Все пропало. Линда посмотрела на небо, соображая, сколько времени. Было около пяти, через час на берегу должен был появиться Эдмунд с гостями. Лезть вверх за платьем, в котором она плавала, было уже некогда. Она стянула через голову платье, скатала в комок шерстяные трусы и постояла немного на берегу, покрываясь мурашками, блестя белой кожей на закатном солнце. В последние месяцы она с досадой замечала, что начинает стесняться. Если бы Эдмунд сейчас застал ее раздетой, незащищенной, она сгорела бы со стыда. И вот, обвязавшись веревкой, на которой болталась ловушка для лобстеров, она кинулась в холодные мартовские воды.

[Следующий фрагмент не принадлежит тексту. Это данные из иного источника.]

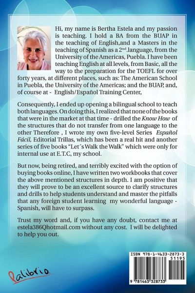Hi, my name is Bertha Estela and my passion is teaching. I hold a BA from the BUAP in the teaching of English,and a Masters in the teaching of Spanish as a 2nd.language, from the University of the Americas, Puebla. I have been teaching English at all levels, from Basic, all the way to the preparation for the TOEFL for over forty years, at different places, such as: The American School in Puebla, the University of the Americas; and the BUAP, and, of course at - English/Español Training Center, Consequently, I ended up opening a bilingual school to teach both languages. On doing this, I realized that none of the books that were in the market at that time - drilled the Know How of the structures that do not transfer from one language to the other Therefore , I wrote my own five-level Series Español Fácil, Editorial Trillas, which has been a real hit and another series of five books "Let¿s Walk the Walk" which were only for internal use at E.T.C, my school. But now, being retired, and terribly excited with the option of buying books online, I have written two workbooks that cover the above mentioned structures in depth. I am positive that they will prove to be an excellent source to clarify structures and drills to help students understand and master the pitfalls that any foreign student learning my wonderful language - Spanish, will have to surpass. Trust my word and, if you have any doubt, contact me at estela386Qhotmail.com without any cost. I will be delighted to help you out.

Прибой хлестнул ее по голеням, бедрам, забрался между ног, и Линда поплыла в открытый океан, продираясь сквозь заросли бурых водорослей, раздвигая руками их длинные плети. Отсюда, издалека, ей хорошо было видно «Гнездовье кондора» на вершине утеса, жестяную крышу, как-то сердито сиявшую под лучами вечернего солнца. Она знала, что Эдмунд работает сейчас в поле и будет гонять своего осла до последнего, пока Валенсия не крикнет ему, что пора переодеваться к приходу гостей. Валенсия сидит в кухне, вышивает кофточки, которые продает потом Маргарите. Шарлотта, должно быть, спешит в «Гнездовье кондора» и вынимает из кармана свою записную книжку – тут же записывает, что пришло ей в голову. Отсюда, с воды, мир Линды выглядел совсем спокойно: три дома одиноко притулились на утесе, из трубы одного из них поднимается легкий дымок. Этот мир Линда любила больше всего, но понимала, что он ее не удержит: ей было шестнадцать лет, она всей душой верила, что сумеет прожить самостоятельно, и все не могла дождаться, когда же начнется эта замечательная жизнь.
От воды ее кожа посинела и стала совсем холодной. Линда поплыла к своему буйку, к которому привязывала ловушки для лобстеров и удочки. Она очень надеялась, что сейчас там полно трехлеток, громко шлепающих хвостами. Глубоко вдохнув, она взялась за веревку, на которой держались ловушки, и нырнула вниз, под воду Тихого океана. Настало безмолвие, густая черная ледяная вода облепила ее всю. Ловушки висели на скале, увитой огромной зеленой актинией, медленно колыхавшей своими ветвями. Самые разнообразные водоросли тихо покачивались, как будто приветливо кланялись. Чистый песок, усеянный ракушками самого разного размера и вида, мягко принял в себя ее ноги.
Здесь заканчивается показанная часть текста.